Nakai Yousuke, Isayama Hiroyuki, Tsujino Takeshi, Hamada Tsuyoshi, Kogure Hirofumi, Takahara Naminatsu, Mohri Dai, Matsubara Saburo, Yamamoto Natsuyo, Tada Minoru, Koike Kazuhiko
Department of Gastroenterology, Graduate School of Medicine, The University of Tokyo, 7-3-1 Hongo Bunkyo-ku, Tokyo, 113-8655, Japan.
Surg Endosc. 2016 Jul;30(7):3014-20. doi: 10.1007/s00464-015-4592-0. Epub 2015 Oct 20.
Cholecystectomy after endoscopic sphincterotomy for bile duct stones with concomitant gallstones is known to reduce late biliary complications. Endoscopic papillary balloon dilation for bile duct stones develops fewer late biliary complications than endoscopic sphincterotomy, but no randomized controlled trials have been conducted about the role of cholecystectomy after endoscopic papillary balloon dilation. Therefore, we conducted this propensity score-matched analysis to compare cholecystectomy and wait-and-see approach after endoscopic papillary balloon dilation.
Propensity score matching extracted 147 pairs of patients with cholecystectomy after endoscopic papillary balloon dilation and with gallbladder left in situ with stones (wait-and-see) from 725 patients who underwent endoscopic papillary balloon dilation for bile duct stones. Late biliary complications such as recurrent bile duct stones and cholecystitis were evaluated.
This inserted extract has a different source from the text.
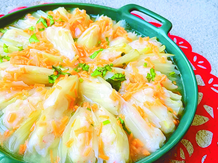 4.如果是小朋友吃可以不用加小米辣,也可以用娃娃菜代替白菜,蒸好的蝦滑白菜卷,一口咬下去既有白菜的清甜,又有蝦滑的鮮香,超級推薦。
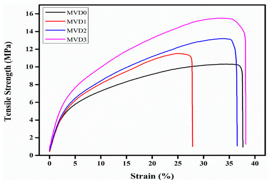 Similarly, elongation at break of the polymer membranes also enhanced with increasing PDMAEMA concentration, that is, 27.76%, 36.44%, and 38.16% for MVD1, MVD2, and MVD3 membranes, respectively, as shown in Figure 8. The increase in mechanical properties is attributed to PDMAEMA, which is well-known for its mechanical strength, as well as the better ability of dispersion of PDMAEMA in the membrane solution, which results in a solid contact between PDMAEMA and the polymer matrix. Furthermore, the presence of PDMAEMA inhibits the development of macrovoids, enhancing the mechanical characteristics of membranes. It also demonstrates that MVD3 composite membranes have the highest tensile strength of the other modified membranes. Also, the crosslinking density rises to a considerable level as the content of DMAEMA increases, perhaps improving tensile strength [59].

Cumulative incidence of late biliary complications was calculated treating death without biliary complications as a competing risk, and its prognostic factor was evaluated.
The rates of late biliary complications were 5.4 and 25.2 % in the cholecystectomy after endoscopic papillary balloon dilation and wait-and-see groups: Recurrent bile duct stones rates were 4.1 and 19.0 %, and cholecystitis rates were 0.7 and 6.1 %. The cumulative incidences of biliary complications in the cholecystectomy after endoscopic papillary balloon dilation and wait-and-see approach were 3.1 versus 13.0 % at 1 year and 5.7 versus 28.0 % at 5 year after endoscopic papillary balloon dilation (p = 0.008). Subdistribution hazard ratio of late biliary complications in the wait-and-see group was 5.1 (p = 0.020).
Cholecystectomy after endoscopic papillary balloon dilation for choledocholithiasis was associated with fewer late biliary complications. Prophylactic cholecystectomy should be offered to all surgically fit patients after endoscopic papillary balloon dilation for bile duct stones with concomitant gallstones.
内镜括约肌切开术后因胆管结石合并胆囊结石而行胆囊切除术,已知可减少晚期胆道并发症。内镜乳头球囊扩张术治疗胆管结石的晚期胆道并发症少于内镜括约肌切开术,但尚未有关于内镜乳头球囊扩张术后胆囊切除术作用的随机对照试验。因此,我们进行了这项倾向评分匹配分析,以比较内镜乳头球囊扩张术后胆囊切除术和观察等待方法。
倾向评分匹配从725例行内镜乳头球囊扩张术治疗胆管结石的患者中,提取出147对内镜乳头球囊扩张术后行胆囊切除术以及保留有结石胆囊(观察等待)的患者。评估复发性胆管结石和胆囊炎等晚期胆道并发症。将无胆道并发症的死亡作为竞争风险计算晚期胆道并发症的累积发生率,并评估其预后因素。
内镜乳头球囊扩张术后胆囊切除术组和观察等待组的晚期胆道并发症发生率分别为5.4%和25.2%:复发性胆管结石发生率分别为4.1%和19.0%,胆囊炎发生率分别为0.7%和6.1%。内镜乳头球囊扩张术后1年,胆囊切除术组和观察等待组的胆道并发症累积发生率分别为3.1%和13.0%;5年时分别为5.7%和28.0%(p = 0.008)。观察等待组晚期胆道并发症的亚分布风险比为5.1(p = 0.020)。
内镜乳头球囊扩张术治疗胆总管结石后行胆囊切除术与较少的晚期胆道并发症相关。对于所有内镜乳头球囊扩张术治疗胆管结石合并胆囊结石且手术条件合适的患者,均应行预防性胆囊切除术。